To determine exactly what is causing pain is really difficult since we are all anatomically unique. What triggers me might not trigger you. So, what does it take? It takes a second set of eyes and ears on us- invaluable for position and listening. Clarinetist extraordinaire Benny Goodman had a lesson every week of his playing life. It takes willingness to change, which sounds much easier than it really is. We use the words, we use the words very sincerely, but when it comes time to tweaking our bow hold, or dropping our shoulder, doing anything that is different than what we have been doing – we panic. What if we can’t play the same way that we have always been able to?
My questions have to be: what is your option? And what are you willing to suffering with?
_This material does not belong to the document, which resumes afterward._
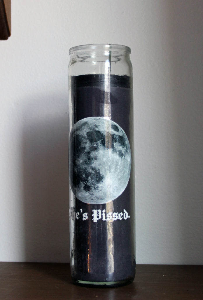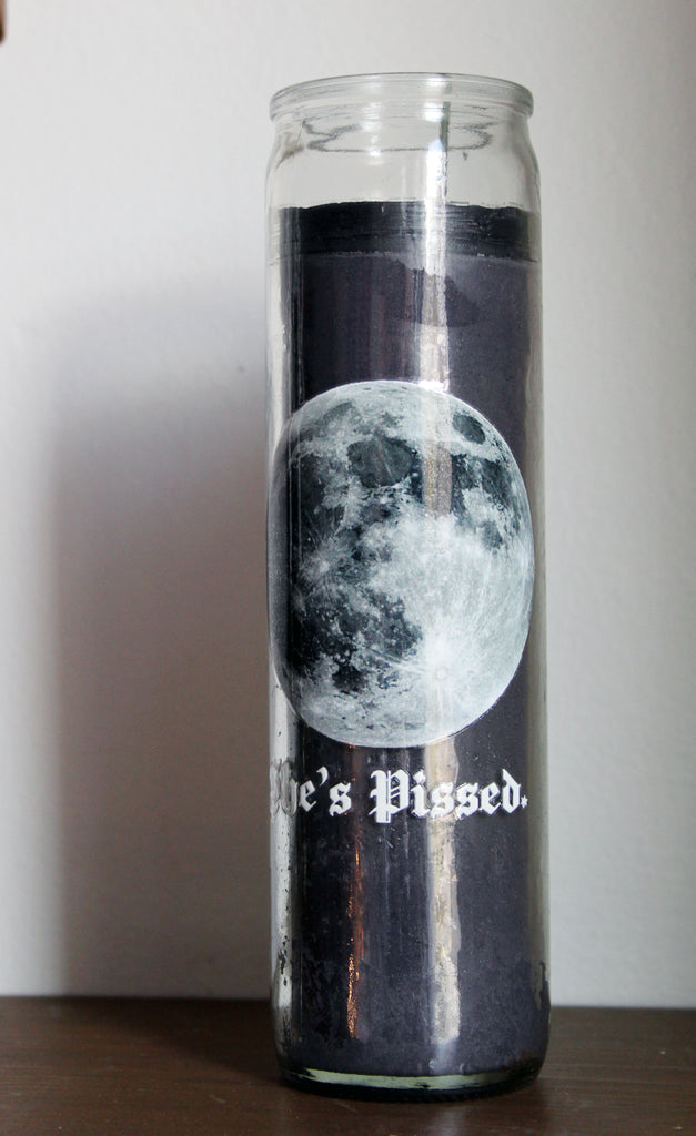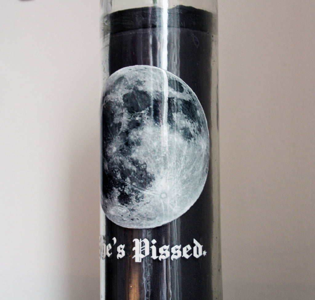The moon is pissed and so are we. Harness her power! Complete with my original design, this candle is great to light whenever the vibes or off or to accompany any sort of cathartic spell work.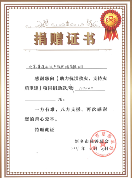 風(fēng)雨無情人有情,一方有難,八方支援。災(zāi)情發(fā)生后,集佳迅速響應(yīng)號召,通過中共首都知識產(chǎn)權(quán)服務(wù)業(yè)協(xié)會委員會向河南受災(zāi)地區(qū)捐贈10萬元,用于支援抗汛和災(zāi)后重建工作。許多集佳員工也在第一時間獻出愛心,自發(fā)向災(zāi)區(qū)捐款捐物,幫助受災(zāi)群眾渡過難關(guān),重建家園。

A good thought is to be sure that your instruction, at every level along your journey, pays attention to much more than just the notes that you play. If you say it hurts – that has to matter.
I tell everyone to stay on the path. But I need to make it clear that the path is your own, that your anatomy is unique to you. Your path might be straight or it might curve left or have a few boulders in the middle of it. Important to remember that, no matter how far you have traveled on your path, sometimes what it takes to change is to step off to the side and take a long breath.